# ? for MN hunters



## MNgoosekiller (Aug 21, 2006)

I'm woundering if using salt and minerals to attract deer is illegal in MN, in the regs its says that scents, salts, and minerals are not considered bait, so is it legal? I know its kinda a dumb question but heck I thought I'd throw it out there...thanks


----------



## USSapper (Sep 26, 2005)

MNgoosekiller said:


> \, in the regs its says that scents, salts, and minerals are not considered bait, so is it legal?

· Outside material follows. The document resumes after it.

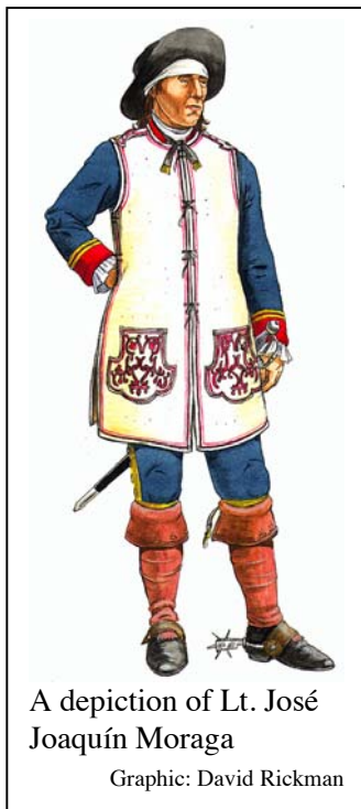
A depiction of Lt. José Joaquín Moraga

As the expedition rested and became acquainted with Monterey, Anza set off to determine the location of the new San Francisco presidio and mission. Joined by Font, Lieutenant José Joaquín Moraga, and a small group of soldiers, they traveled to San Francisco and surveyed the area. He quickly determined the best sites for the presidio and mission and left San Francisco to explore the East Bay. Directed by the Viceroy to determine if there was a river flowing into the bay, they followed the shoreline south to the tip of the bay (now Alviso, north of San José) and then up the eastern shore. Arriving at Carquinez Strait, they continued east along the shoreline, unable to determine whether there was indeed a river flowing into the bay. As his men became increasingly bogged down in the tules, Anza abandoned the quest and headed south, to return to Monterey. From there, Font, Anza and ten of his core soldiers from Tubac, and one dissatisfied couple, made their way back to Mexico along the trail. Anza left Moraga in charge of the expedition.

I think there is your answer :lol:


----------



## Northshorebull (Oct 11, 2006)

Deer cane Mineral blocks 10 ft. from your tree works for me.


----------



## MNgoosekiller (Aug 21, 2006)

thanks lindberg :lol: yeah, I guess my next question is how successful are salts/minerals? How effective are they? Can they pull in some pretty big deer? Thanks for the responses so far!


----------



## USSapper (Sep 26, 2005)

MNgoosekiller said:


> thanks lindberg :lol: yeah, I guess my next question is how successful are salts/minerals? How effective are they? Can they pull in some pretty big deer? Thanks for the responses so far!


Thats not in t he proclamation???? :lol:


----------



## shae1986 (Sep 28, 2006)

I only used them a few years ago and they did nothing for me so i dont even use them. I just find natural funnels to food sorces and works fine.


----------